= Beginning of Section =
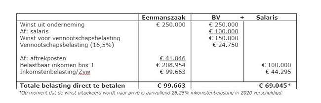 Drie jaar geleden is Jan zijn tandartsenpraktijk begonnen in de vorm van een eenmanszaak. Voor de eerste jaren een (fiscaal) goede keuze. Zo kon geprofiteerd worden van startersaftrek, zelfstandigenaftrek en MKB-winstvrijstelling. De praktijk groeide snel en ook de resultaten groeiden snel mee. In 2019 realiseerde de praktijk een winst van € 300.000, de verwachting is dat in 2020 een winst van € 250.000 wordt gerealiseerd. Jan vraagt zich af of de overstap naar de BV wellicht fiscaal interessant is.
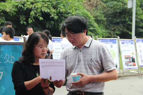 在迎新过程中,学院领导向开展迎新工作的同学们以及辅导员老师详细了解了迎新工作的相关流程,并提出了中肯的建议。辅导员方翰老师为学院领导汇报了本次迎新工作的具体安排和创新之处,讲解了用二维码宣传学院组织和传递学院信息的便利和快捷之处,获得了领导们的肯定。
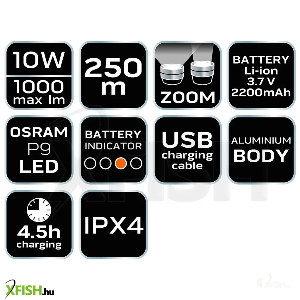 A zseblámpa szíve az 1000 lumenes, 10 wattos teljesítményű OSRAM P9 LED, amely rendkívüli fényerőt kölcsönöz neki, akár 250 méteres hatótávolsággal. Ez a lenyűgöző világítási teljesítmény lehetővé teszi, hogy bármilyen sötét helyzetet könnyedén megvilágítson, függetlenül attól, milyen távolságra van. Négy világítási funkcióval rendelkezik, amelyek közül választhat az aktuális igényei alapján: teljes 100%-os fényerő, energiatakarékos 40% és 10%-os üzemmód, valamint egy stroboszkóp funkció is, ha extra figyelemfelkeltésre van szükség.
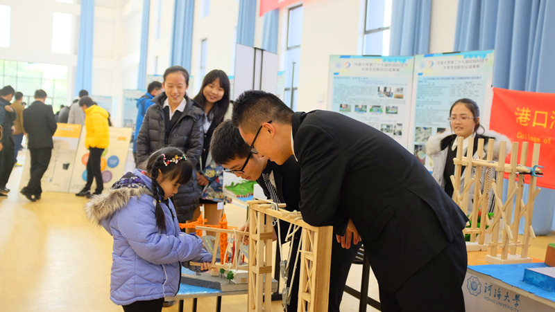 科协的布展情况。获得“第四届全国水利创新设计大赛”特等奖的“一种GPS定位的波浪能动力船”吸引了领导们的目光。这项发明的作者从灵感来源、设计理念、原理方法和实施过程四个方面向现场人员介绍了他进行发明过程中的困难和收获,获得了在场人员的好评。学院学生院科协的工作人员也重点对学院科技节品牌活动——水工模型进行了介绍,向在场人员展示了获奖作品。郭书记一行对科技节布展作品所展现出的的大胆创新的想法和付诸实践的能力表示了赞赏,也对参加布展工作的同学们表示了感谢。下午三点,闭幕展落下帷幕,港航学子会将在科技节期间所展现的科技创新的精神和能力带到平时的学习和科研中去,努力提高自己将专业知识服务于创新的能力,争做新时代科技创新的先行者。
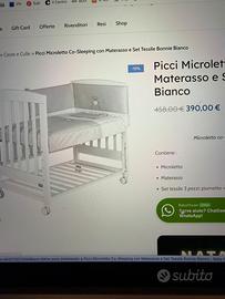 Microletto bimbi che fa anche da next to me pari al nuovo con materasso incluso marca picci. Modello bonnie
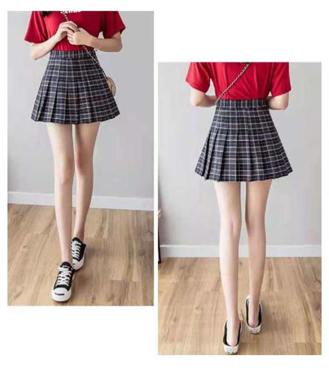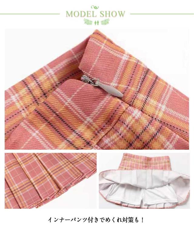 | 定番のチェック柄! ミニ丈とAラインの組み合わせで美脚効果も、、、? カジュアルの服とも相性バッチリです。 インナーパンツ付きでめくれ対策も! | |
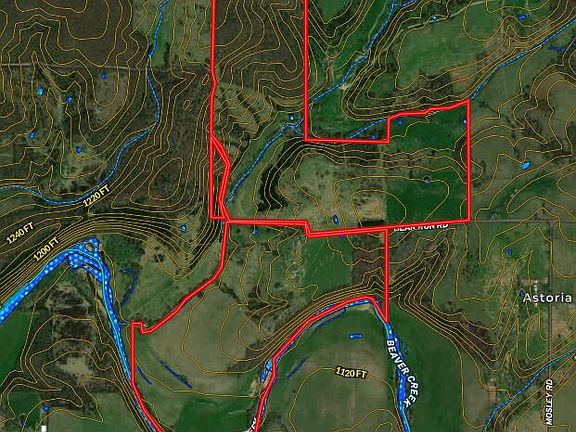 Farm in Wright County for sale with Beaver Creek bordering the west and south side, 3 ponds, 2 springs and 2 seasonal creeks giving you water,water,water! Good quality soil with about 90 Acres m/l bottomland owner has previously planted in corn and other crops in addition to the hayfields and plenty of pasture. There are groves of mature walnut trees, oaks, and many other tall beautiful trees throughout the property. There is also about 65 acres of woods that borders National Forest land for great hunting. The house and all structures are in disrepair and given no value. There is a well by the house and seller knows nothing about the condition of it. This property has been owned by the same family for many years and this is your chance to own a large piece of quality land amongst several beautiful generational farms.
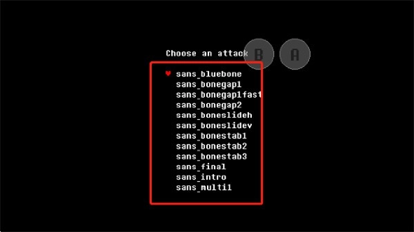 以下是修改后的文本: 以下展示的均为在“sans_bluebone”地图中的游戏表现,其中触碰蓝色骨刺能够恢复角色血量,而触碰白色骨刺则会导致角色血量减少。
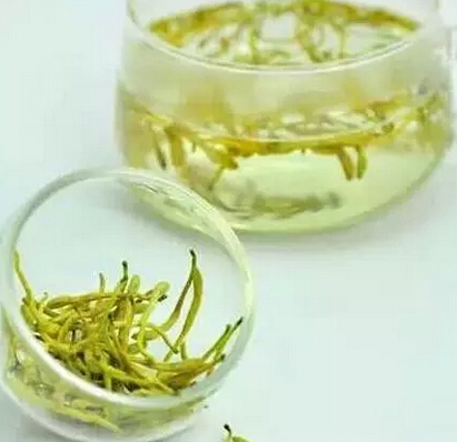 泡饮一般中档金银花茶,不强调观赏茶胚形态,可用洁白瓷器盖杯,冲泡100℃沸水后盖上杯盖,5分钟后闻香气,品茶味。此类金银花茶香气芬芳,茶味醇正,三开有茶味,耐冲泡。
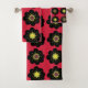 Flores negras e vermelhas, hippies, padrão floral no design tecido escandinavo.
= End of Section =
= Beginning of Section =
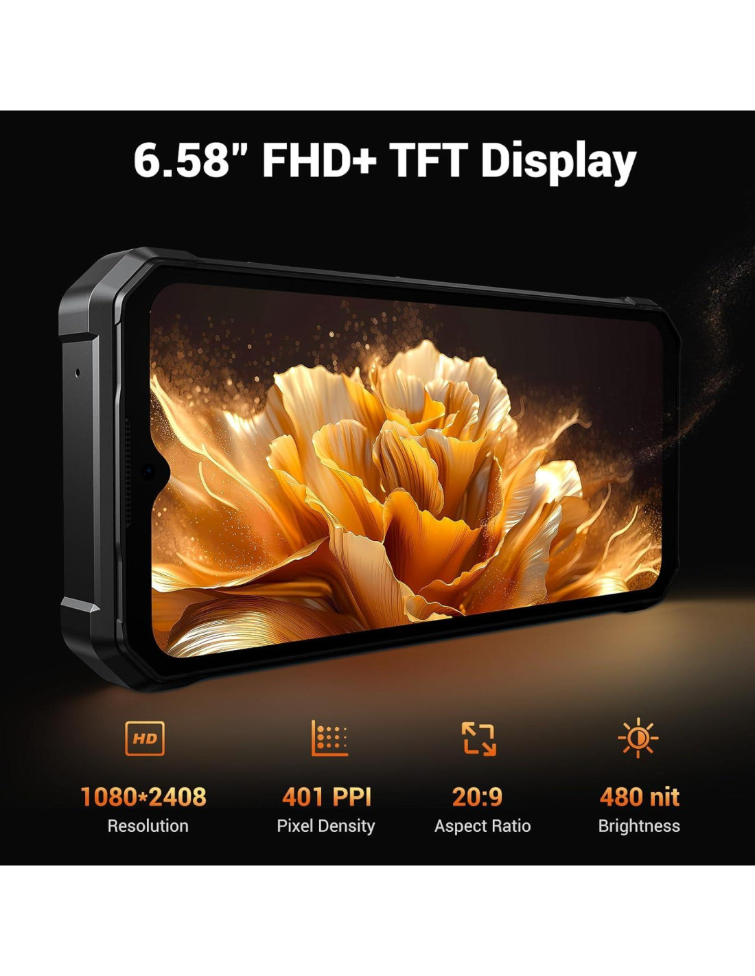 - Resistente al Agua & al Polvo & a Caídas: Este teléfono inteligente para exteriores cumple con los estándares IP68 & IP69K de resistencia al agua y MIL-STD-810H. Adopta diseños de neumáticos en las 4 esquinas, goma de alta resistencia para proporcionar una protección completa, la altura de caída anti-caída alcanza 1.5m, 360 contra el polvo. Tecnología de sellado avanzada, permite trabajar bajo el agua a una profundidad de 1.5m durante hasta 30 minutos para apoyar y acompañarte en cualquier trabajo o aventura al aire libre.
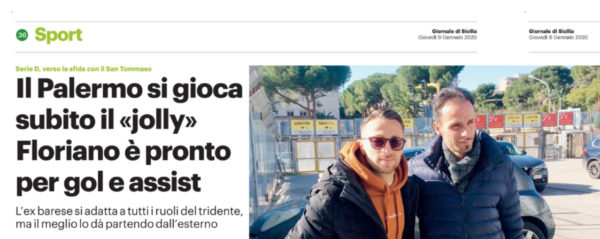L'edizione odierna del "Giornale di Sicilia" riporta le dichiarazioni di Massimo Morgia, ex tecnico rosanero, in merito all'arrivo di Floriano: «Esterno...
= End of Section =
YOUR INSTRUCTIONS -
Give again the stretch of lines above from the one with "Microletto bimbi che" through the one with "インナーパンツ付きでめくれ対策も! | |", both ends kept, and copy no pictures.

EXPECTED OUTPUT -
 Microletto bimbi che fa anche da next to me pari al nuovo con materasso incluso marca picci. Modello bonnie
 | 定番のチェック柄! ミニ丈とAラインの組み合わせで美脚効果も、、、? カジュアルの服とも相性バッチリです。 インナーパンツ付きでめくれ対策も! | |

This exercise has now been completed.